--- DATA SHOWN Enclosed Below ---

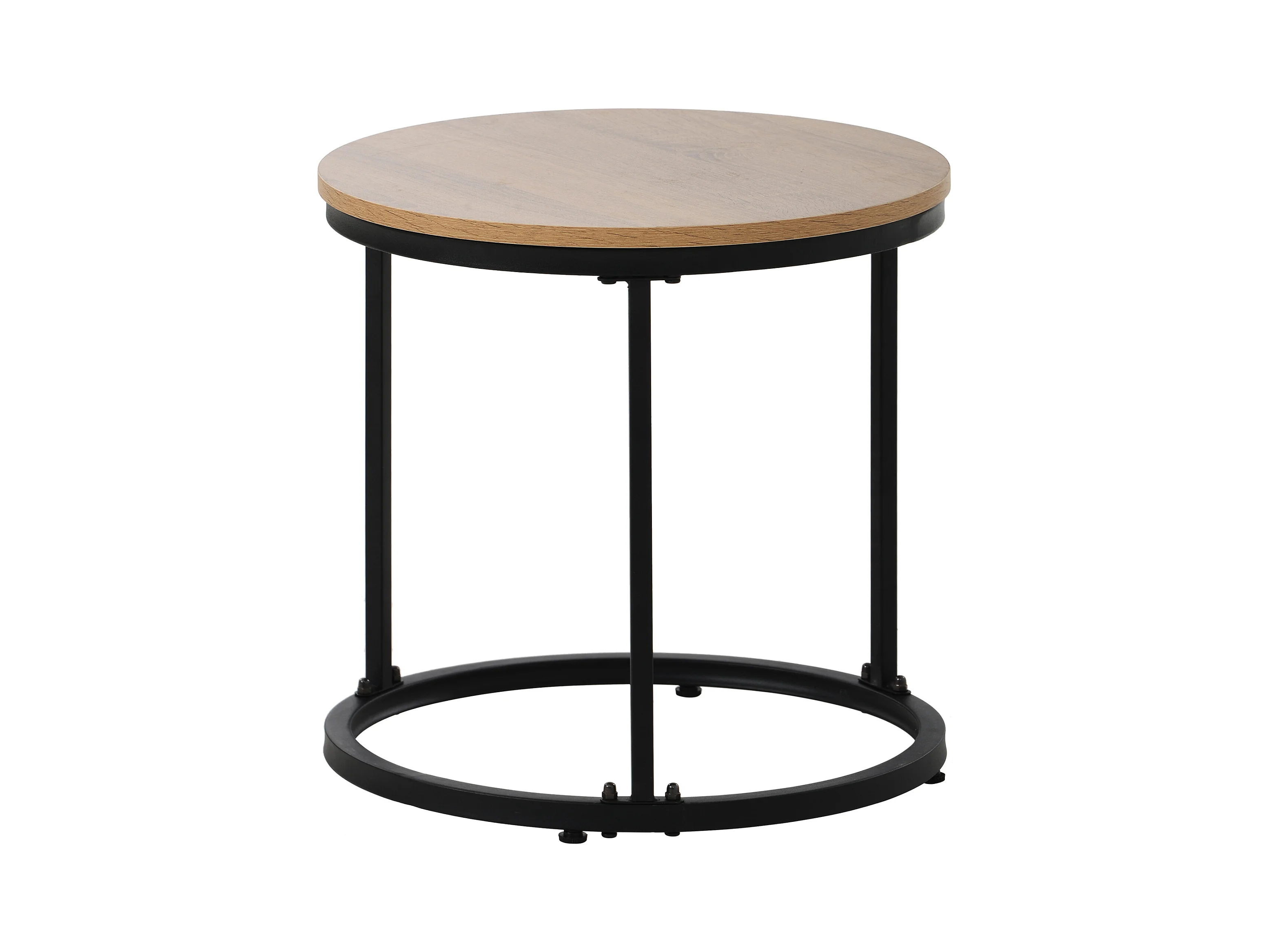 Lot de 2 tables basses gigognes rondes woodgrain naturel clair, cadre en métal noir
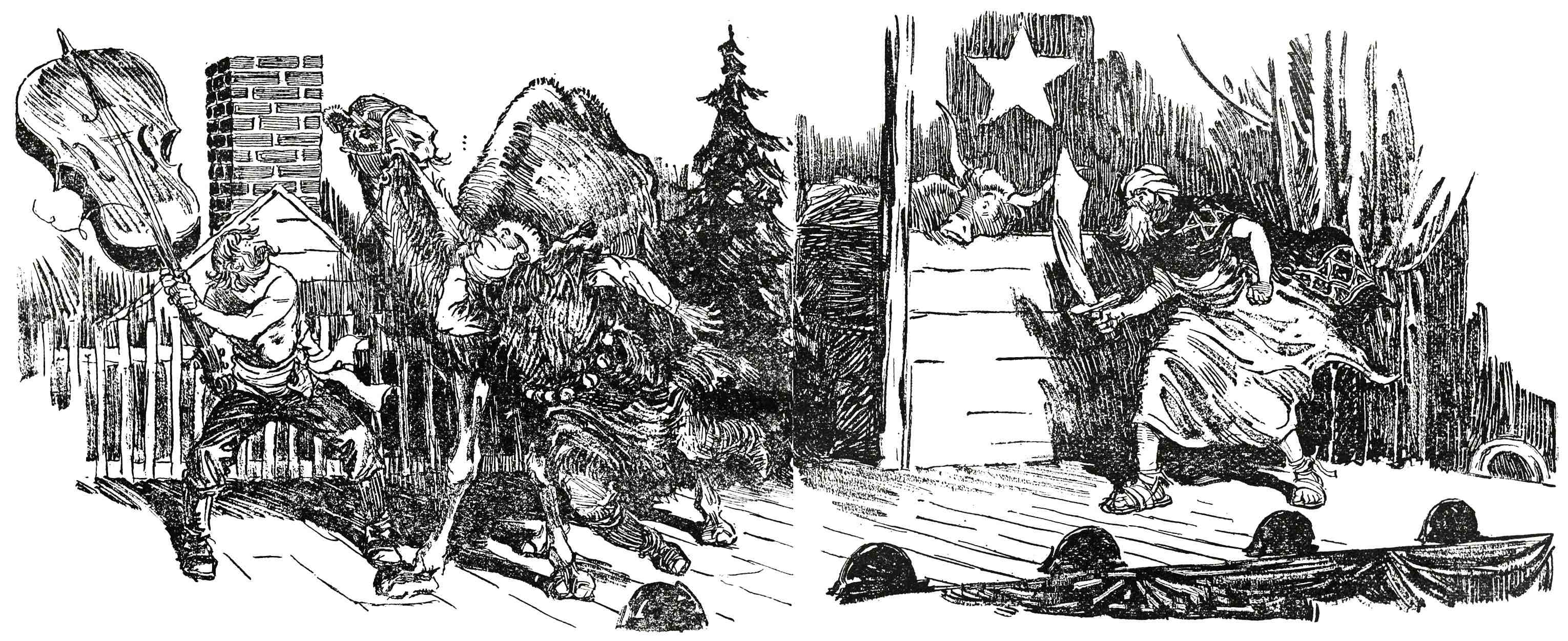 I dunno how I got out of there. That busted doorway wasn’t quite big enough, ’cause both of my legs had different ideas of direction. I’m still wearin’ part of that buffalo coat, and a long string of sleigh bells trail along behind me.
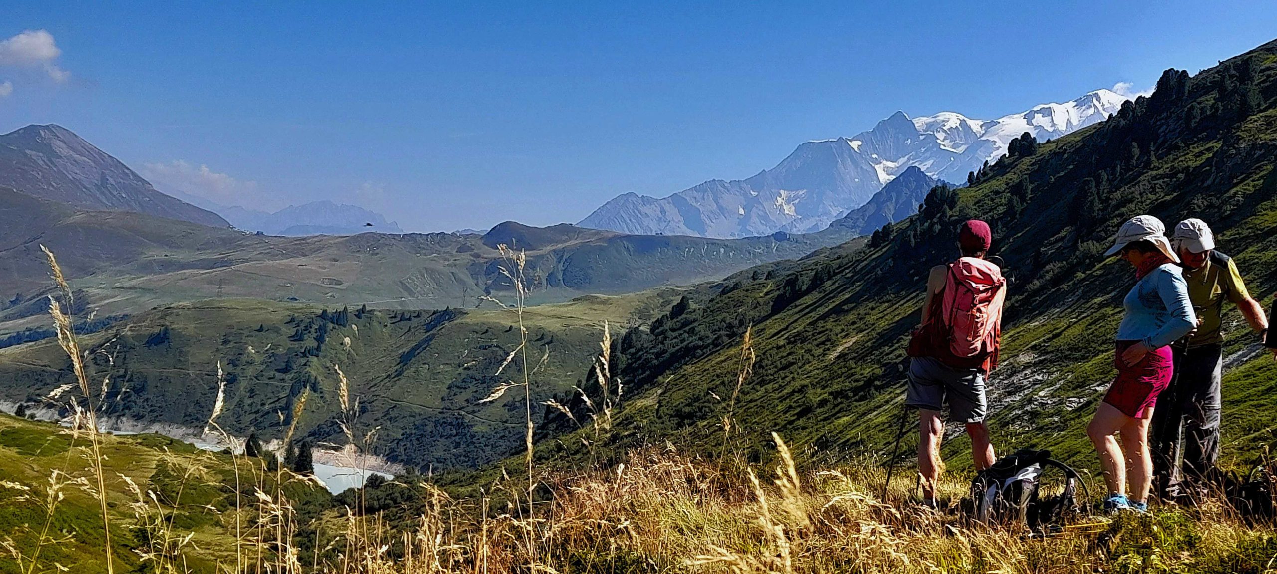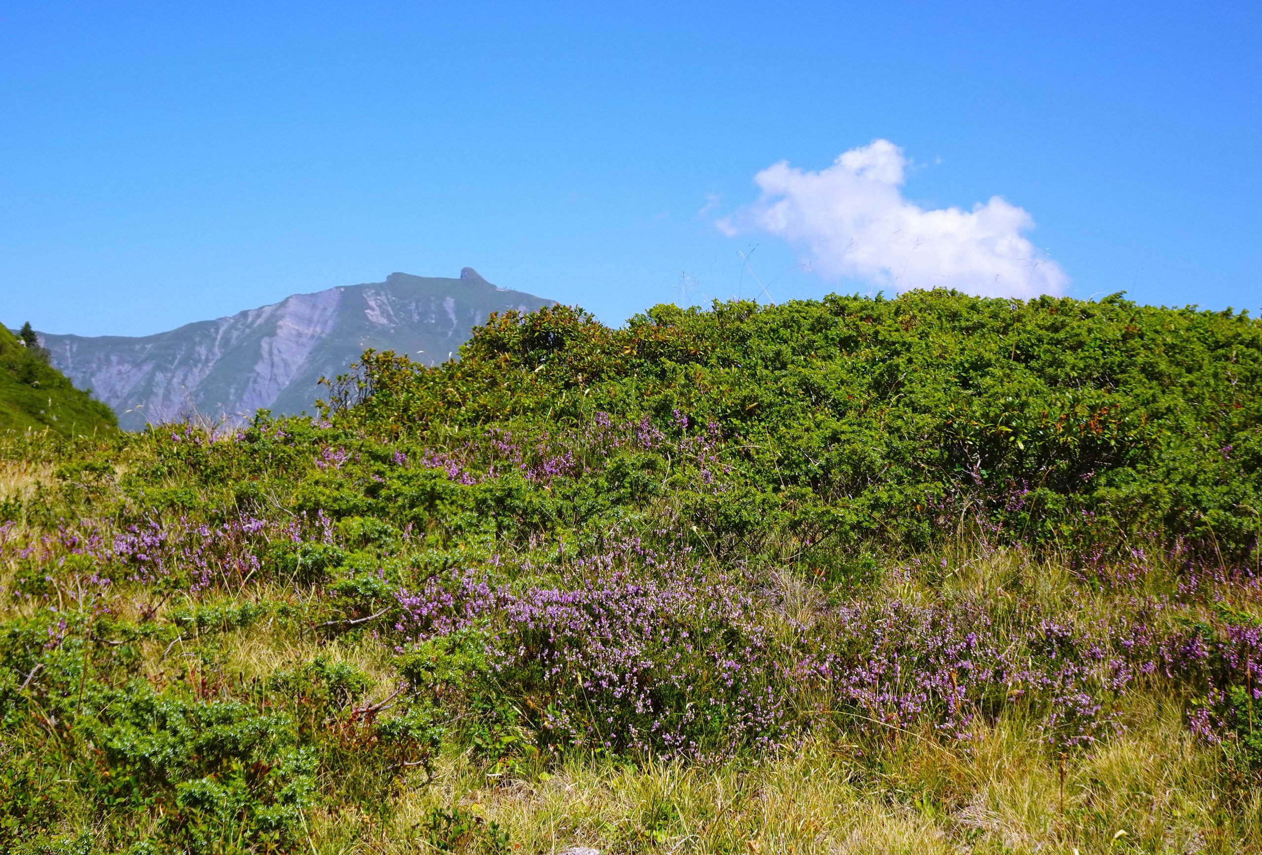 A partir de là, c’est une vue ouverte sur le Mt Blanc et le sentier s’adoucit sur une prairie colorée par les bruyères, en ce moment. Direction Plans de la Mouille Nord & Sud (1954m) et se poser devant cette belle fenêtre qui s’ouvre à nous.

--- End of Enclosed DATA SHOWN ---

* _PROBLEM TO WORK ON_
With pictures omitted, copy exactly the lines from the one containing "I dunno how" through the final line of the listing, both included.

* _WRITTEN RESPONSE_
 I dunno how I got out of there. That busted doorway wasn’t quite big enough, ’cause both of my legs had different ideas of direction. I’m still wearin’ part of that buffalo coat, and a long string of sleigh bells trail along behind me.
 A partir de là, c’est une vue ouverte sur le Mt Blanc et le sentier s’adoucit sur une prairie colorée par les bruyères, en ce moment. Direction Plans de la Mouille Nord & Sud (1954m) et se poser devant cette belle fenêtre qui s’ouvre à nous.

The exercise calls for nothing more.